More Memory, More Problems
Beginning in March, Prefect Cloud saw a significant increase in volume and traffic driven by both new user growth as well as existing teams scaling up — by most measures we were doubling approximately every two months. This is great! But unsurprisingly this level of growth comes with a whole host of challenges for our team, especially when it comes to service reliability and resiliency.
Importantly, some of our customers suffered from service interruptions related to the issues described here. First and foremost, we are incredibly sorry for the negative impact and stress these incidents caused. We are committed to doing better.

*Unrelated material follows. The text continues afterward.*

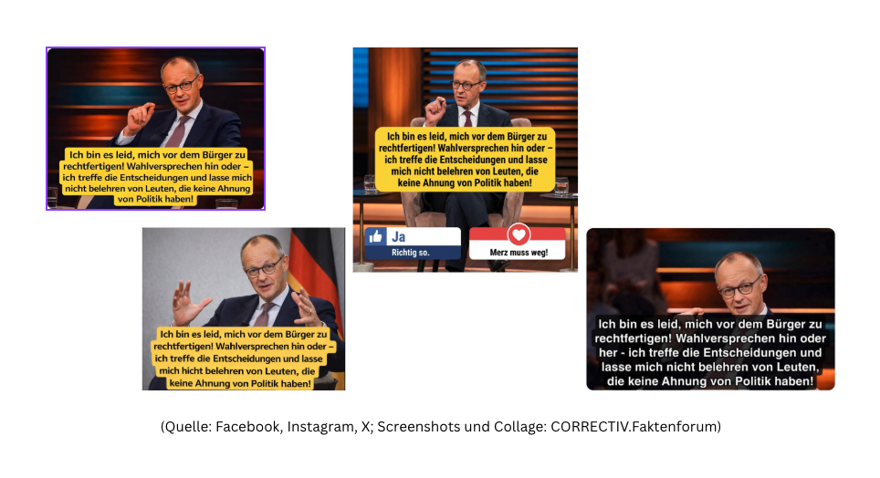 Mehrere Beiträge in Sozialen Netzwerken zeigen ein Foto von Friedrich Merz, überlagert mit einem angeblichen Zitat: „Ich bin es leid, mich vor dem Bürger zu rechtfertigen. Wahlversprechen hin oder her – ich treffe die Entscheidungen und lasse mich nicht belehren von Leuten, die keine Ahnung von Politik haben.“ Der Wortlaut bleibt in den verbreiteten Versionen gleich, das Bild ist teilweise ein anderes. Eine konkrete Quelle wie eine Rede oder ein Interview nennen die Beiträge nicht.

Sometimes configuring a database at scale can seem like a dark art. While the Postgres documentation is fantastic, there are no hard-and-fast rules for tuning given the diversity of workloads out there and much of what we learned came from sparse references and experimentation. We hope that compiling our findings will help future engineers get ahead of the challenges we faced — if you want to skip the narrative, feel free to jump ahead for a summary of our findings.
The Context: Scaling Up
In anticipation of continued Prefect Cloud growth, we accelerated our plans for a proactive scale-up of our backend. The first phase of this took place in the first two weeks of April, during which we vertically scaled our primary Postgres 14 instance (running via CloudSQL in GCP).
The second phase of this work involved partitioning our most heavily used tables; large tables can exhibit poor query performance and latency due to indexes that are too large to fit into memory and unreliable table statistics. Partitioning a table essentially breaks the table up into many smaller virtual tables that the query planner can take advantage of, helping to avoid these issues. At the time of our decision, our fastest-growing table had 400 million rows and we expected it to have over 1 billion rows by the time the partitioning work would be completed. In order to partition our tables without incurring downtime, we rolled out our changes incrementally over several weeks (we’ll share more detail in an upcoming post). This allowed us to incrementally update our application to handle partitions, monitor for expected performance improvements, and adjust the plan as we went along.
We felt confident in our partition calculations and were optimistic that we’d begin seeing performance gains very soon…
The Investigation: High Memory Utilization
All the while that we were rolling out table partitions, our memory usage remained relatively constant and high. This was especially surprising because we had just vertically scaled the database, but it was difficult to understand the root cause because of the overhead of the in-flight partitioning work. It was of course also possible that our math was wrong and the partitions were inefficient, or worse, that the memory usage was an independent problem altogether. We remained confident and focused on rolling out the last two table partitions before reaching any definitive conclusions.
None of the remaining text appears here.